Saturday, October 01, 2005

Serenity is Firefly

You may or may not remember me writing about my favorite TV show of all time, but after much anticipation Joss Wedon's movie version starring the same great cast of characters finally arrived in theaters. I was a bit apprehensive that the movie might not live up to the hype (and my lofty expectations), but wild horses couldn't have kept me away.

Just moments into the opening scenes and I knew it'd be great. The story picks up right where the TV series left off, never missing a beat. Thankfully, the characters who had been so convincingly defined in the original series were all their same old irascible selves. It was the same ship, same crew - only the special effects had gotten better.

The real story had always been about the crew itself. An oddball bunch of hardluck cases, most of whom had at some point been upstanding members of society, but now found themselves marginalized in one way or another. They're left needing eachother and their quasi-criminal lifestyle in order to survive. They struggle to get by, they struggle to get along, and they struggle to maintain some measure of their dignity and honor in a universe gone amok.

I liked how the movie took a dark bent - darker than the TV series had been - but I was wholly unprepared for just how dim it would get. The movie was at times violent, and I expected that. People died, lots of people died - even main characters. I wasn't expecting that. I'm not sure I understand the point of killing-off key characters (other than just to heighten the sense of danger and 'realism') and I'm surprised at just how much it bothers me. I'm still shook-up over it. But despite it all I have to admit it was one hell of a movie, and I suppose it's testament to how well developed the characters are that I care so much.

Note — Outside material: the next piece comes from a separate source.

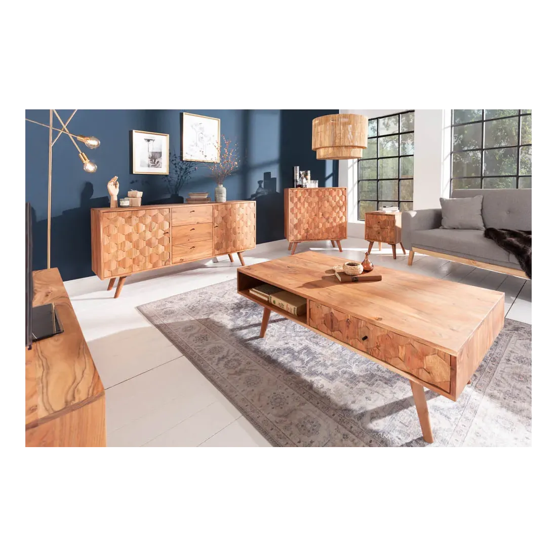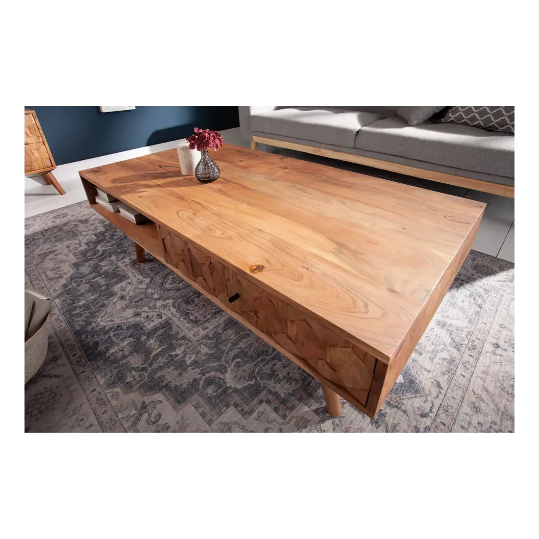 La table basse MYSTIC LIVING allie design naturel et praticité. Son bois d’acacia verni garantit solidité et durabilité, tandis que la surface 3D façonnée à la main met en valeur l’aspect authentique et unique du bois.

After watching the movie, I came home and checked on the fansite message board and was not too surprised to discover the movie has suffered casualties in its fanbase as well. Leagues of disconsolate fans of the original TV series are irate with Wedon for killing-off their favorite characters, while countless other die-hard fans hail the movie as an overwhelming success. And regardless of how the original fans feel, the movie continues to generate rave reviews with the public at large. I'm guessing it'll be up to the survivors of Serenity to try to make some sense of the senselessness in the sequels I'm sure will come.


Blogger The Grey Ghost said...

I thought Serenity was a good "companion" to the show, but you're right - Firefly is incredible. I can't believe anyone ever cancelled it. That show kicks my ass. There was never a bad episode, and some of them are just incredible.

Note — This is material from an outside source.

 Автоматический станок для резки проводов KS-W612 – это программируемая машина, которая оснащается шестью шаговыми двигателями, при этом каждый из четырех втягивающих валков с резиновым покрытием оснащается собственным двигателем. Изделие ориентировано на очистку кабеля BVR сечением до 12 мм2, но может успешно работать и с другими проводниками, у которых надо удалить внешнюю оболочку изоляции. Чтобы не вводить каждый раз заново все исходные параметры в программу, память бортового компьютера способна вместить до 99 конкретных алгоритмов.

I share the same sentiments as you regarding the deaths of the cast members, particularly because it seemed like Joss Whedon needed to justify us taking the villain seriously. And for a show that kept things consistently fresh and engaging, they died in pretty unoriginal ways. We've seen deaths like those in films before. Nothing new. I don't think it was fair to the characters, but hey - it's Joss' baby. What bothered me, though, was how little the deaths were considered by the characters. Not one character lamented about either death, and the "funeral" scene was just a quick, quiet snippet. The crew of Serenity I remember was chattery and fairly open when they needed to be, not quiet and reserved. Where was the dialogue? The engaging emotional drama and tension from the show?

10/12/2005 7:32 PM  
Blogger Dædalux said...

I agree. The crew's actual reactions to the deaths of their mates were barely shown.

And it is Joss's baby to do with as he will. I think Joss was thinking that while a story with a bunch of main characters might work on TV, a movie needs more focus. Rather than regulate a few to background character status, he went for maximum effect instead. . .
and I was numb for the rest of the movie.

I just hope that in the sequels there are moments in which the crew has to take stock of how important the fallen really were. Joss can kill 'em, but the loss is only meaningful in its significance to the rest of the crew.